Выбрать главу

Durante la travesía, se le levanta el ánimo a medida que comprende mejor las razones de que se haya alistado. Por deber y para dar ejemplo, por supuesto; pero también por motivos egoístas. Se ha convertido en un hombre mimado y premiado que necesita purificar el espíritu. Lleva un tiempo excesivo a salvo, ha perdido músculo y requiere peligro. Lleva un tiempo excesivo entre mujeres, lo cual es muy confuso, y ansia el mundo de los hombres.

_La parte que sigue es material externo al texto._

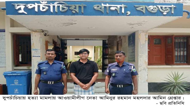 গত মঙ্গলবার রাতে দুপচাঁচিয়া থানা পুলিশ বিশেষ অভিযান চালিয়ে বৈষম্যবিরোধী ছাত্র আন্দোলনে নিহত শ্রমিকদল নেতা আবু রায়হান রাহিম হত্যা মামলার আসামি পৌর আওয়ামীলীগের সাধারণ সম্পাদক ও উপজেলা পরিষদের সাবেক ভাইস চেয়ারম্যান আমিনুর রহমান মহলদার আমিন (৪৯) কে গ্রেপ্তার করেছে। থানা সূত্রে জানা গেছে, ঘটনার দিন গত মঙ্গলবার রাতে পুলিশ গোপন সূত্রে খবর পেয়ে উপজেলার মহলদার পাড়ায় বিশেষ অভিযান চালান। এসময় পৌরসভার ৪নং ওয়ার্ডের মহলদারপাড়ার মৃত ওসমান আলী মহলদারের ছেলে পৌর আওয়ামীলীগের সাধারণ সম্পাদক ও উপজেলা পরিষদের সাবেক ভাইস চেয়ারম্যান আমিনুর রহমান মহলদার আমিনকে গ্রেপ্তার করে। সে গত বছরের ৪ আগস্ট রোববার বেলা ১১টায় বৈষম্যবিরোধী ছাত্র আন্দোলনে সদরের চকসুখানগাড়ী গ্রামের মৃত শাহজাহান আলীর ছেলে আবু রায়হান ওরফে রাহিম (২৯) হত্যা মামলার সন্দিহাল আসামি। পুলিশ গ্রেপ্তারকৃত আসামি আমিনুর রহমান মহলদার আমিনকে গতকাল বুধবার তাকে বগুড়া কোর্ট হাজতে প্রেরণ করেছেন।

Cuando el Oriental atraca para cargar carbón en Cabo Verde, el regimiento de caballería de Middlesex organiza al instante un partido de criquet en la primera extensión de tierra aplastada que encuentran. Arthur presencia el partido -contra el personal de la estación de telégrafos- con corazón jubiloso. Hay reglas para el placer y reglas para el trabajo. Reglas, órdenes impartidas y recibidas, y un objetivo claro. Por todo esto está allí.

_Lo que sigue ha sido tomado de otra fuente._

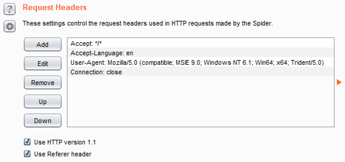 - Request Headers: It provides the ability to modify the way the HTTP requests look originating from Burp Spider. For example, a tester can modify the user agent to have Spider look like a mobile phone:

En Bloemfontein, las tiendas del hospital están en el campo de criquet; el pabellón principal es la caseta del vestuario. Arthur ve muchas muertes, aunque matan más las fiebres tifoideas que las balas bóers. Pide cinco días de permiso para seguir el avance del ejército hacia el norte, vadeando el río Vet rumbo a Pretoria. De regreso, al sur de Brandfort, detiene a su grupo un basuto a lomos de una montura peluda que les habla de un soldado británico que yace herido a unas dos horas de distancia. Por un florín, contratan al informante como guía. Es un largo trayecto, primero a través de maizales y después a lo largo del veldt [17]. El inglés herido resulta ser un australiano muerto: bajo, musculoso, con una cara amarilla, cerosa. N.° 410, infantería montada, ahora desmontada, de Nueva Gales del Sur. Su caballo y su fusil han desaparecido. Ha muerto desangrado de una herida en el estómago. Yace con su reloj de bolsillo colocado ante él; ha debido de ver cómo la vida se le agotaba minuto a minuto. El reloj se ha parado a la una de la mañana. Junto al cadáver está la cantimplora vacía y encima, en equilibrio, una pieza de ajedrez en marfil rojo. Las otras piezas -es más probable que sean el botín de una granja bóer que el pasatiempo de un soldado- están en su mochila. Recogen sus pertenencias: una bandolera, una estilográfica, un pañuelo de seda, una navaja, el reloj Waterbury y dos libras, seis chelines y seis peniques en una bolsa raída. Cargan sobre el caballo de Arthur el cuerpo pegajoso, y un enjambre de moscas les escolta en el viaje de tres kilómetros hasta el poste de telégrafos más cercano. Allí depositan para su entierro al soldado n.° 410, de la infantería montada de Nueva Gales del Sur.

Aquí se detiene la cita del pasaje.